Mientras Buenos Aires se llena de cafés gringos, cafés sin mozos y sin viejos que puedan recuperar la sonrisa de Gardel o el fastidio de Roberto Arlt; cafés sin albañiles del porvenir del mundo, cafés sin Manzis y sin Borges; cafés sin soldados del amanecer, cafés sin noches interminables, o mejor dicho, de “coffees”, porque ellos son del idioma del vencedor, ellos vienen a conquistar, a imponer la cultura de los consumidores de donas, ellos vienen a evitar que los cafés de acá nos hagan recordar a nuestros héroes culturales; ellos vienen a imponer una nostalgia de cosas que nunca vivimos, un sabor de un mundo que no huele a nuestro barrio, “coffees” en los que nunca sentimos la presencia de nuestro padre, de nuestro abuelo, y justamente ésa es la idea: un espacio que no nos invite a luchar para volver a casa, cuando digo “volver a casa” no me refiero al pasado, más bien quiero decir, la casa ideal, luchar por volver a casa, pelear por construir ese sueño que siempre tuvimos de casa; por eso no es sólo el cierre del café “Le Caravelle”, es la clausura de un espejo en el que mirarnos y reconocer de qué estamos hechos, de qué cosas fueron construidas nuestras miradas. ¿Dónde hallaremos personajes como el parroquiano que encuentra un tango para cada noticia; o el que se ufana de haber tenido 777 amantes, pero que al alcanzar esa cifra divina consagró su alma y su cuerpo al ascetismo; o el Elvis de Lanús, que entre café y café jura que él no imita al cantante de Mississippi sino que él es el mismo Elvis que ha llegado escapando de la fama; o el burrero que se define como sanmartiniano por las batallas que ha librado con su caballo blanco? ¿A dónde se irá ese elenco estable de “Le Caravelle”? ¿A dónde se irán esos viejos mozos con tonadas salteñas, tucumanas, santiagueñas, que con tanta picardía de provincia aderezaron al otario microcentro, esos mozos que tienen la medida exacta del trago según el tamaño de la pena, y la palabra justa para romper el bullicio interior de cada náufrago urbano? Por eso cuando los adolescentes empleados de los “coffees” nos preguntan el nombre cada vez que hacemos un pedido, yo me acuerdo de la respuesta de Ulises al Cíclope: “me llamo Nadie”, y me río porque ése es el propósito de la cultura de los “coffees”: hacer de todo lo que uno es, de todas las cosas que a uno le dan dado nombre, un nadie. Que los cafés sean como los shoppings y los aeropuertos: iguales en todos lados. De todos los sitios y de ninguno.
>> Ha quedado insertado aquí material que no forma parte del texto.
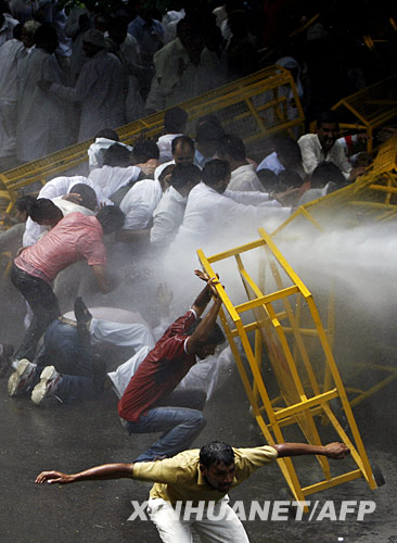 6月1日,在印度首都新德里街頭,警察用水槍驅(qū)散參加抗議的古賈爾人。近期,拉賈斯坦邦古賈爾人要求調(diào)低自己的種姓級別,以便從政府的傾斜政策中獲取更大利益。但政府對此予以拒絕。過去一周,該邦古賈爾人發(fā)動大規(guī)?棺h活動并與警察發(fā)生沖突。5月31日,聲援印度拉賈斯坦邦古賈爾人的活動擴大到印度東北部地區(qū)。 新華社/法新

La ciudad se llena de colores siempre ajenos, las cosas de siempre adquieren otros nombres, entonces es necesario preguntarnos: ¿Qué cosas nos enriquecen y qué cosas nos empobrecen? No sea que como el Rey Midas, ambiciosos de un oro que no nos alimenta, terminemos huérfanos de nuestros viejos, de nuestros colores, de nuestros personajes, huérfanos de nosotros mismos.
Con el cierre de “Le Caravelle” (Lavalle 726), en la peatonal Lavalle nace otro fantasma de Buenos Aires; las telarañas del mundo , como decía Tuñón, comienzan a cubrir lo que queda de su alma.